Fair Sequencing Services (FSS)
A class of protocols that enforce a canonical, fair ordering of transactions (e.g., first-come-first-served) before they are included in a block, neutralizing many forms of harmful MEV.
- Core Principle: Decouple transaction ordering from execution, using a decentralized sequencer or consensus mechanism to establish order.
- Mitigates: Frontrunning, time-bandit attacks, and other forms of order-dependent exploitation.
- Implementation: Often used in rollups (e.g., Arbitrum's Timeboost) or as standalone networks like Astria.
MEV Redistribution (Burn & Socialization)
Protocol-level strategies to capture extracted MEV and redistribute it to the broader network, rather than letting it accrue solely to searchers and validators.
- MEV Burn: A portion of MEV profits are permanently destroyed (burned), as with Ethereum's inclusion fee burn (EIP-1559), which burns the base fee, a component of MEV.
- MEV Socialization: Captured value is distributed to a common pool, such as the protocol treasury or directly to token holders/stakers.
- Goal: Align MEV extraction with long-term network health and user benefit.
Execution-Level MEV vs. Other MEV Types
A comparison of MEV extraction based on the layer of the blockchain stack where the opportunity originates and is captured.
| Feature / Dimension | Execution-Level MEV | Consensus-Level MEV | Application-Level MEV |
|---|---|---|---|
Primary Layer of Origin | Block execution / EVM | Block proposal / consensus | Application logic (e.g., DEX, lending) |
Key Actor | Block builder, searcher | Validator / proposer | Searcher, user, protocol |
Extraction Method | Transaction ordering & inclusion within a block | Block timing, empty blocks, consensus manipulation | Arbitrage, liquidations, front-running specific app states |
Example | Sandwich attack on a DEX trade | Timestamp manipulation, proposer boost exploitation | Liquidation cascade in a lending protocol |
Mitigation Focus | Encrypted mempools, commit-reveal schemes | Proposer-Builder Separation (PBS), in-protocol randomness | Circuit breakers, fair ordering within the app |
Protocol-Level Risk | High (centralizes block building) | Very High (threatens consensus security) | Medium (threatens application solvency) |
Visibility | Opaque, occurs inside the built block | Partially transparent on-chain | Transparent, visible in public mempool |
Dominant on Ethereum Post-Merge? |
Frequently Asked Questions (FAQ)
Answers to common technical questions about how Maximal Extractable Value (MEV) is captured during transaction execution on Ethereum and other blockchains.
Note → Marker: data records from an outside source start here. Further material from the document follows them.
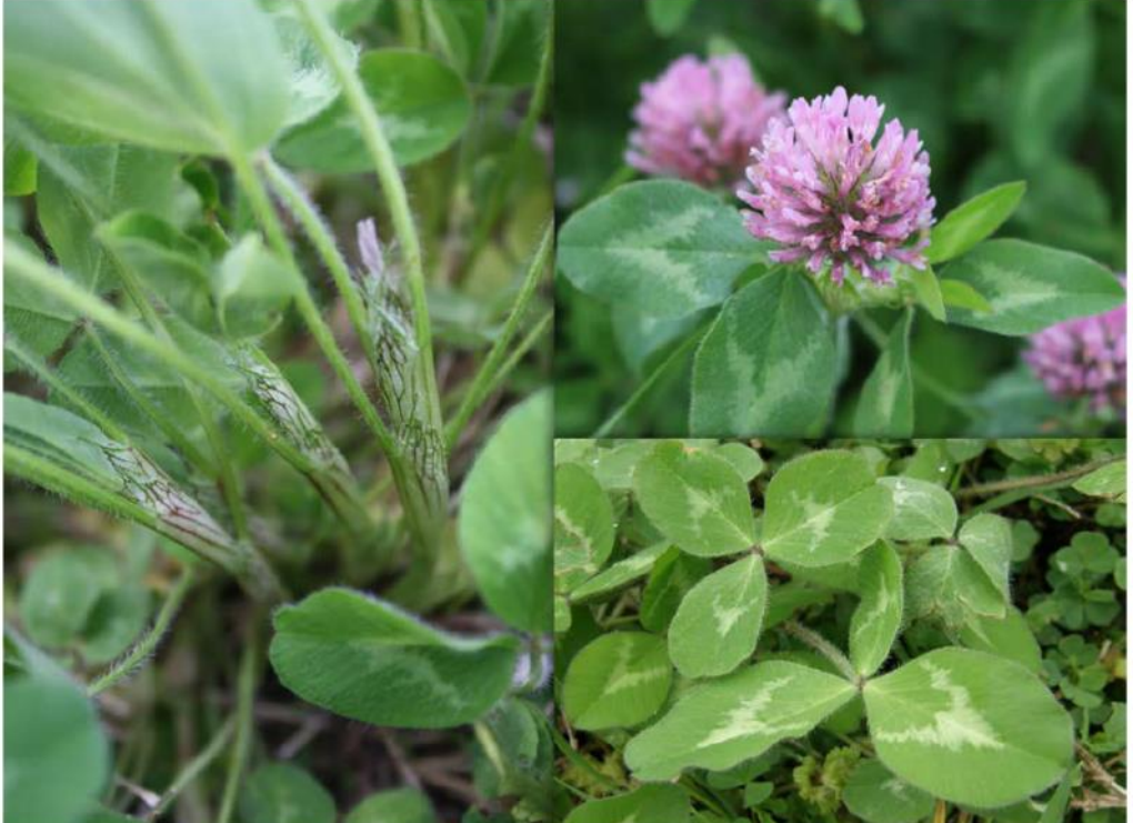
Red clover has hairy hollow stems and leaves. The alternate leaf is formed of three hairy oval leaflets marked with a light colored crescentic "V." The edge of the leaf blade is entire (has no teeth or lobes). At the base of the leaflets there is a white or light green chevron (sheet) and surround the area. Flowers are clustered into pinkish to violet heads.

White and red clovers producer higher quantities of protein than grasses. They also have the capacity to use and fix atmospheric nitrogen, thus eliminating the need for the application of commercial nitrogen sources. Although legumes can contribute to increase in grass/legume mixes while reducing N inputs, there is a misconception among producers that clovers that supply nitrogen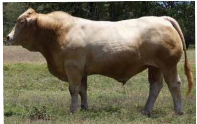
LOT 45: KANDANGA VALLEY TRENDSETTER (PS)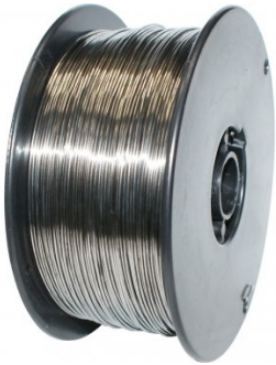
W145C Ø0.8mm Gasless Mild Steel MIG Welding Wire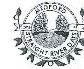
EXHIBIT "A" Tables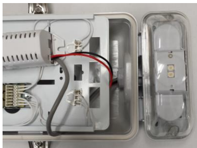
LED POD location on batten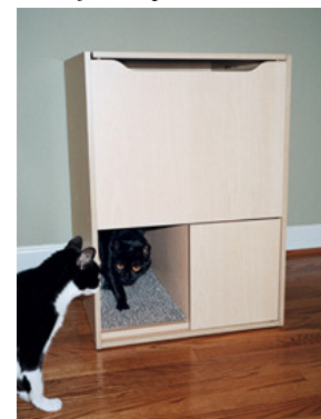
Front view of the cabinet shows cat exiting after using the litter box. Available in white or maple finish.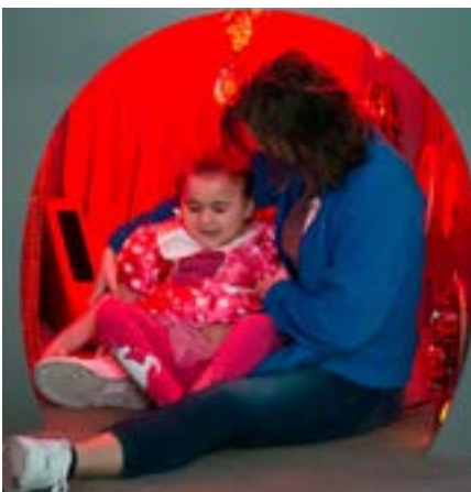
Photo Captions: VIPS Indy events below -- on the left, a mother sits with her little girl, dressed in Mini Mouse costume, in a glowing red tunnel in the Sensory Room. On right, parents and children surround tables filled with toys for the taking.

We were so excited to host the Toys for Tots Toy Giveaway in Indianapolis this past holiday season! It was so heartwarming watching VIPS children and their siblings pick out a toy and play together in Toddler Town. Thank you to the families who came and to our VIPS team for putting this event together!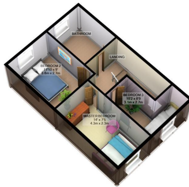
1ST FLOOR APPROX. FLOOR AREA 419 SQ.FT. (38.9 SQ.M.)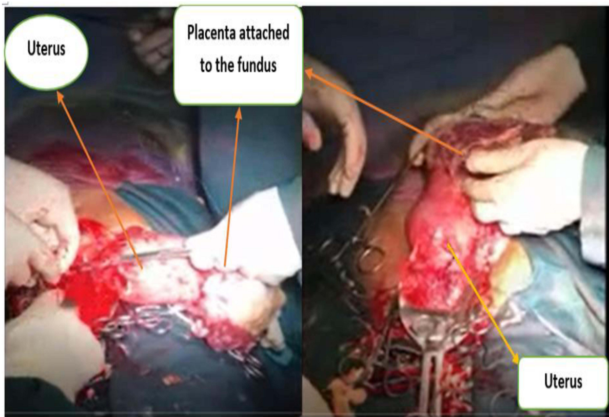
Figure 4 Picture showing placental attachment to fundus of the uterus.

A. An absence of myometrial tissue between the maternal bladder and the pregnancy, abdominal wall and pregnancy. B. An empty uterus. C. Poor definition of the placenta. D. Oligohydramnios. E. Unusual fetal lie. 1,14 In our case the ultrasound findings are similar to the ones indicated above. Rarely magnetic resonance imaging (MRI) can be used for the diagnosis of abdominal pregnancy. 10,15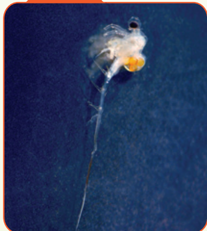
Spiny Water Flea Bythotrephese longimanus ( B. cederstroemi )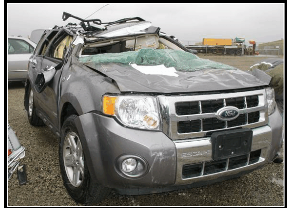
Figure 1. Subject vehicle, 2008 Ford Escape Hybrid

This investigation focused on a 2008 Ford Escape Hybrid that sustained multiple impacts and rolled over ( Figure 1 ). This two-vehicle crash occurred in November 2009 at 1410 hours in an unincorporated area of California. The crash site was the four-leg intersection of a north/south roadway and an east/west roadway. The subject vehicle was being driven by a 37-year-old female. The other vehicle is a 2003 Chevrolet Cavalier that was being driven by a 23-year-old female. The Chevrolet was traveling north and slowed in preparation to turn left at the intersection. The Ford was traveling north directly behind the Chevrolet at an EDR-reported speed of 80.28 km/h (49.88 mph). The Chevrolet initiated a left turn and the driver of the Ford attempted to avoid impacting the Chevrolet by steering left. The right side of the Ford impacted the left front of the Chevrolet causing the driver of the Ford to lose control of her vehicle. The left and right IC air bags deployed during this side impact. The vehicle then departed the northbound roadway on the right side, impacted a mail box unit, overturned five quarter-turns, and came to rest on its left side in a ravine. The Chevrolet came to rest in the intersection.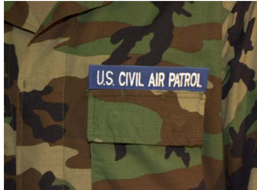
Tape worn on BDUs and Field Uniforms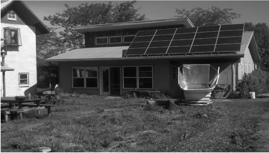
Figure 0.3. Dancing Rabbit Ecovillage (northeastern Missouri) community building.

tainability goals and projects, educational and outreach programs, and future aspirations that guide each ecovillage and their resident members. This information will be used in a longer-term project of developing and implementing a set of methods, tools, and indicators aimed at assessing and comparing each community's progress toward their goals of sustainable living and effective educational outreach. Neither community has been satisfied with existing sustainability measurement tools, such as ecological footprinting, which is geared toward individuals who live more mainstream modern lives. Dancing Rabbit has been measuring their fossil fuel and other energy use since the founding of the community, but otherwise lacks the ability to effectively communicate (outside of on-site living demonstrations) to the outside world how their lifestyle compares with mainstream Americans. Our project will help them better evaluate the effectiveness of their environmental lifestyles in comparative contexts.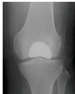
KineMatch Custom PFR, front view.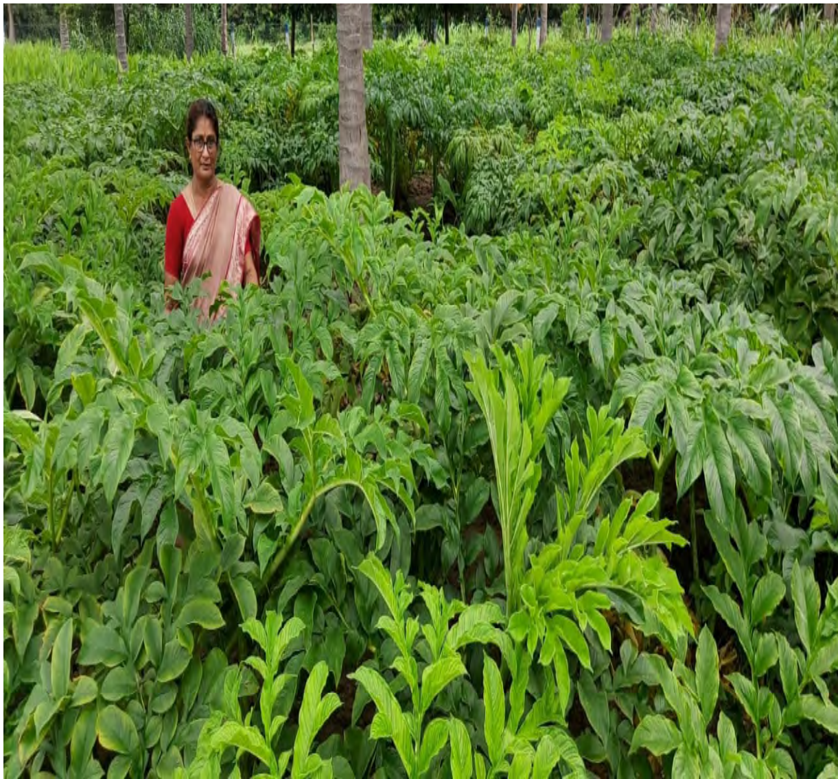
Organic yam cultivation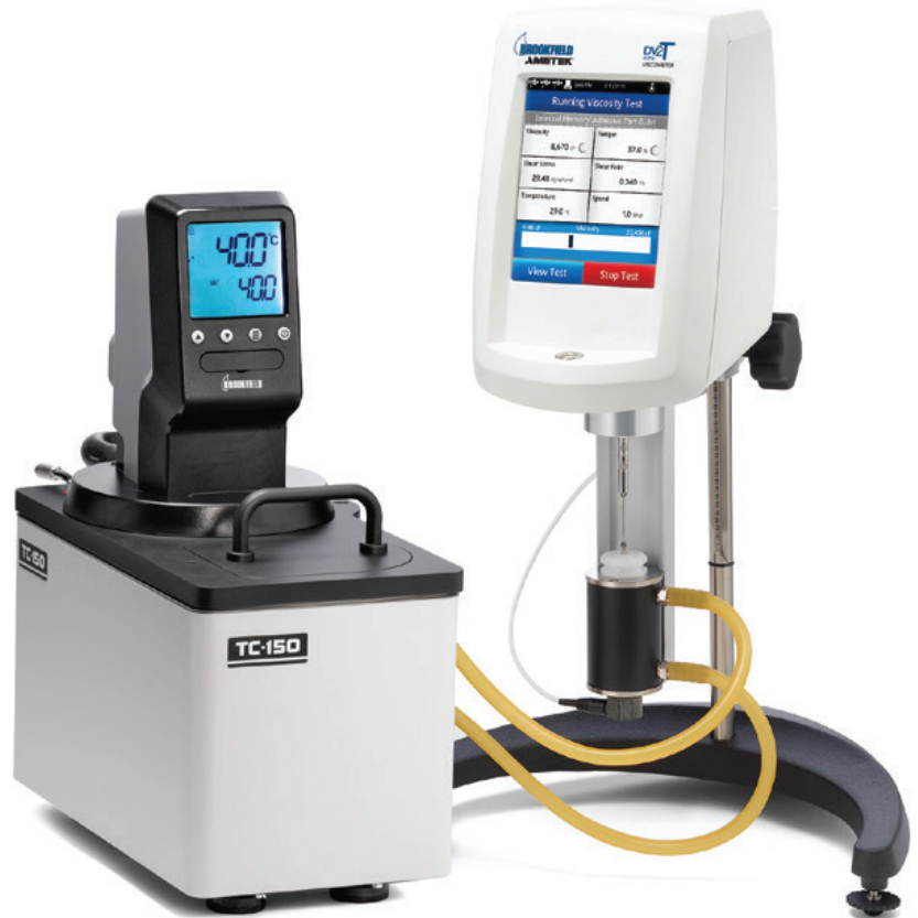
Complete system shows the DV2T Viscometer and Small Sample Adapter with Circulating Water Bath for temperature control.

The Small Sample Adapter provides a defined geometry system for accurate viscosity measurements at precise shear rates. Consisting of a cylindrical sample chamber and spindle, the Small Sample Adapter is designed to measure small sample volumes of 2 to 16 mL, and easily attaches to all standard AMETEK Brookfield Viscometers/Rheometers.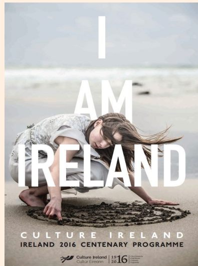
For further information, please visit www.cultureireland.ie/iamireland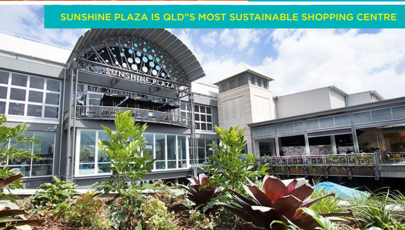
SUNSHINE PLAZA IS QLD'S MOST SUSTAINABLE SHOPPING CENTRE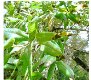
Photo 2. California bay laurel (also called pepperwood, or Oregon Myrtle) showing leaf spots typical of Phytophthora ramorum .

Execution-level MEV is the value extracted by block builders and validators by strategically ordering, including, or excluding transactions within a block they produce. It works by leveraging the ability to see the pending transaction pool (mempool) and reordering transactions to create profitable opportunities, such as front-running a large DEX trade or performing an arbitrage between decentralized exchanges. The process involves sophisticated bots that monitor for profitable patterns, submit their own transactions with higher gas fees to ensure inclusion, and manipulate the sequence to capture the value difference. This activity occurs during the block construction phase, before the block is proposed and finalized on-chain.